PublicidadePara o Sindicato dos Jornalistas, a necessidade de garantir segurança ao presidente não justificava medidas tão restritivas. “A forma como está sendo tratada a imprensa já revela como a liberdade de expressão será encarada pelo novo governo e tal fato obriga os sindicatos de jornalistas de todos o país a agirem de forma incisiva em defesa da categoria que assegura a livre circulação de ideias”, disse a entidade por meio de nota.
Relação conflituosa
O início da relação do novo governo com a imprensa tem sido tensa desde a campanha eleitoral, quando Bolsonaro, seus filhos e aliados passaram a acusar jornais e emissoras de persegui-lo com notícias falsas. O novo presidente já afirmou que vai cortar verba publicitária oficial de veículos tradicionais que fizeram críticas ou publicaram reportagens desfavoráveis a ele. Chamado de Pitbull pelo pai, o vereador Carlos Bolsonaro (PSL), que desfilou em carro aberto no Rolls-Royce da Presidência ao lado do novo presidente e da primeira-dama durante a posse ontem, é o principal vocalizador da família das críticas à imprensa.
Diferentemente das posses anteriores, dessa vez os jornalistas não puderam transitar pela Praça dos Três Poderes. O profissional que havia escolhido se posicionar em determinado espaço no Congresso, por exemplo, não poderia circular por outra área, muito menos deixar o prédio.
Pela primeira vez o acesso aos locais de trabalho dos profissionais de imprensa para a cobertura da posse foi feito exclusivamente por ônibus. Para embarcar, os credenciados tinham de comparecer ao Centro Cultural Banco do Brasil (CCBB) às 7h – ou seja, 8 horas antes do início do evento.
Com cercados, sem maçãs
Aconselhados pelos assessores a levarem lanches, vários jornalistas tiveram alimentos, como água, suco e frutas confiscados. Maçãs, por exemplo, só eram admitidas se estivessem cortadas. Os jornalistas credenciados passaram duas vezes – na saída do CCBB e na chegada ao destino – por detectores de metais.

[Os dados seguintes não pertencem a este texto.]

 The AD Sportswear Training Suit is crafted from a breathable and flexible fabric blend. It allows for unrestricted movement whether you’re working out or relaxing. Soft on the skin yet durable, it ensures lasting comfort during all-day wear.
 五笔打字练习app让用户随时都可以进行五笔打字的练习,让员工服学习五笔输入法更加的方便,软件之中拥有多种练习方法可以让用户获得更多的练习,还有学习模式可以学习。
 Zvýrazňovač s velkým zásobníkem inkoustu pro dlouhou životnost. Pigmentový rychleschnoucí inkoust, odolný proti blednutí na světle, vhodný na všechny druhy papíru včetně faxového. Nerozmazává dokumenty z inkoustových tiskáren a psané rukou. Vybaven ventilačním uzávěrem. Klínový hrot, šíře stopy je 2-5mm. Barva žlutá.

No Salão Verde da Câmara, onde se posicionou a equipe do Congresso em Foco, um cercado dificultava o acesso às autoridades. Todas as poltronas, idealizadas por Oscar Niemeyer, foram retiradas. O comitê de imprensa foi fechado. Só havia uma maneira de trabalhar com o computador: acomodando-se ao chão. O acesso aos sanitários também foi objeto de reclamações. Funcionários do Congresso chegaram a dizer que o uso de toaletes seria suspenso em determinado horário, em um dos salões, assim que começassem a chegar as autoridades. O transtorno, porém, foi contornado após apelos dos profissionais.

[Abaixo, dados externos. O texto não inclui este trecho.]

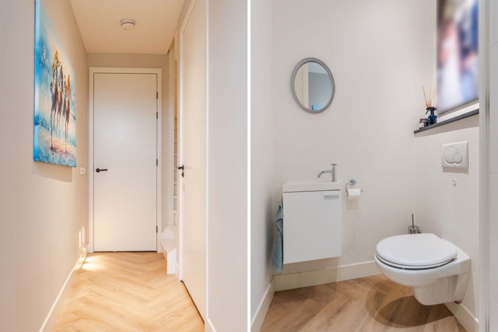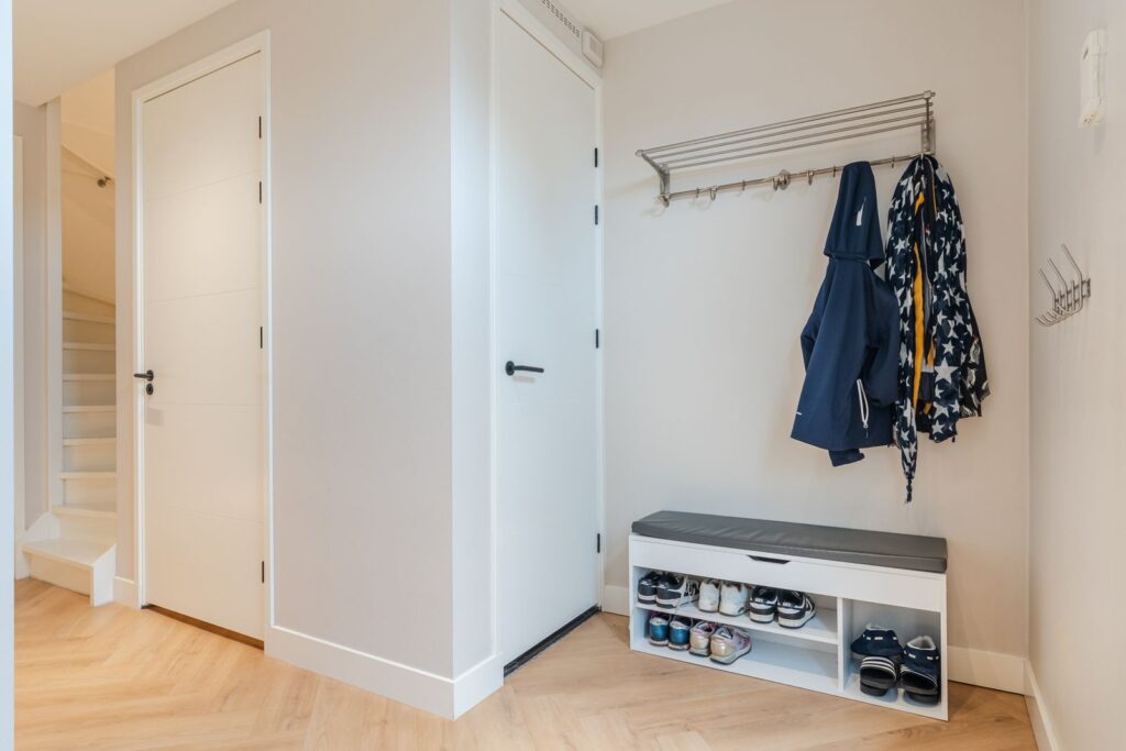 Via de goed onderhouden voortuin wordt de entree van de woning bereikt. De royale hal beschikt over een garderobe, meterkast en een modern toilet. Tevens bevindt zich hier de toegang tot de trapkast waar de centrale stofafzuiging is geplaatst.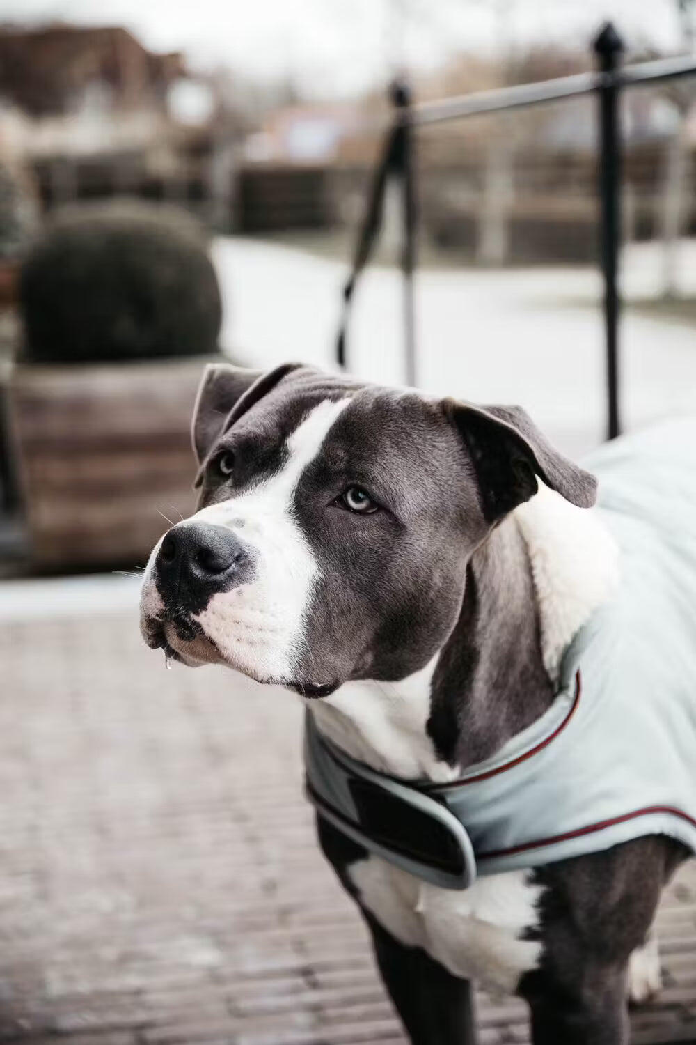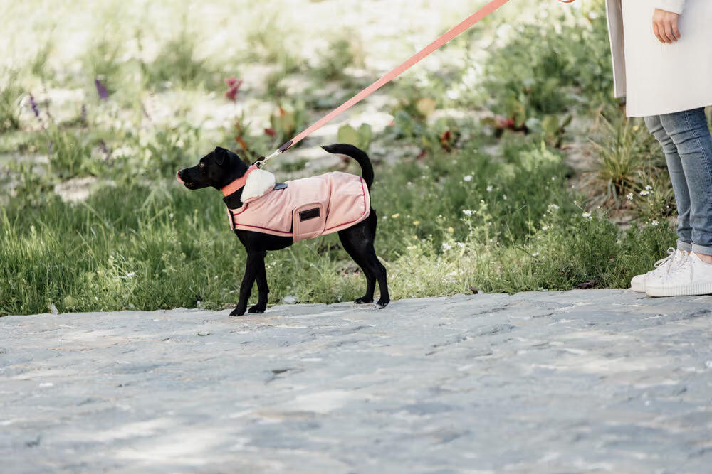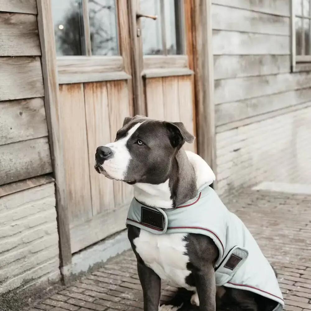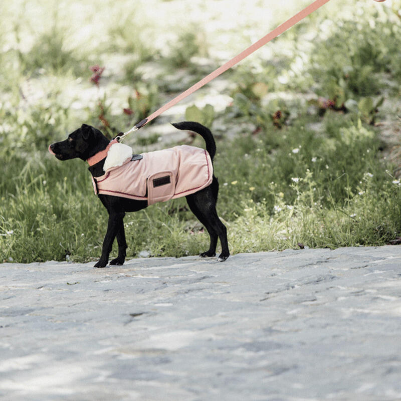 This exceptional 160g Waterproof coat provides every dog with a warm, dry coat durant on cold, wet winter days. Indispensable for dogs who don't like the cold and rain. Warm padding and artificial rabbit skin lining Waterproof, breathable membrane Long-lasting materials Easy to put on and take off Features The waterproof dog coat is an indispensable winter accessory for dogs that get cold easily or don't like the rain. Thanks to the artificial rabbit skin inside, the coat is very comfortable to wear. The strong, breathable materials are durable and easy to care for, for ultimate comfort for you and your pooch. Fabrics and materials The outer fabric of the dog coat is made of durable 10,000 mm (ISO standard) waterproof polyester with a breathable membrane. Thanks to this, your dog can run around in the rain all day without getting wet. The piping and logo on the side are reflective to keep your dog visible in the dark. To protect your dog from the cold, the dog coat has 160 g of padding and features an artificial rabbit skin lining. This lining creates tiny air pockets that trap and retain the dog's body heat. It also gives the dog's fur a lustrous sheen. A small artificial sheepskin hood is supplied, which can be folded down over the neck for extra coverage. Under the hood is an artificial leather flap. Under the flap is a small hole for a leash. Shape and size The waterproof dog coat comes in sizes XXS to XXL, so you can easily find a coat to suit your beloved friend. The coat is easy to put on thanks to hook-and-loop fastenings on the chest and one on the belly. These closures are very strong and durable, so your dog can play freely. There's also an elastic band so you can shape the coat to your dog's body. Care instructions The waterproof dog coat is machine washable at 30 degrees. For extra protection, we recommend using a wash bag and making sure the zippers are securely fastened. After washing the coat more than 5 times, an activated charcoal treatment is recommended to restore water repellency. The dog coat cannot be tumble-dried. Dimensions: XL = 60/70 cm, XS = 28/33 cm, XXL = 71/80 cm, XXS = 23/27 cm, DH = 40 cm

O retorno ao CCBB também foi feito por ônibus em horários estipulados pela organização. Os primeiros veículos começaram a sair por volta das 17h. Os jornalistas que estavam no Congresso foram avisados: quem não saísse no horário, só poderia deixar o prédio depois das 20h, e a pé.
Se as restrições ao trabalho provocaram indignação entre os profissionais brasileiros, quatro jornalistas estrangeiras optaram por uma solução mais radical. No Itamaraty desde as 11h para cobrir um evento que só começaria às 19h, eles decidiram ir embora depois que tiveram suas garrafas de água mineral confiscadas. O grupo disse que não aceitava ficar confinado em um espaço tão pequeno por tantas horas, desistiu da cobertura e pediu para ser levado de volta ao CCBB. Apesar de dizer que ninguém poderia sair do local antes do horário previsto, a organização acabou cedendo.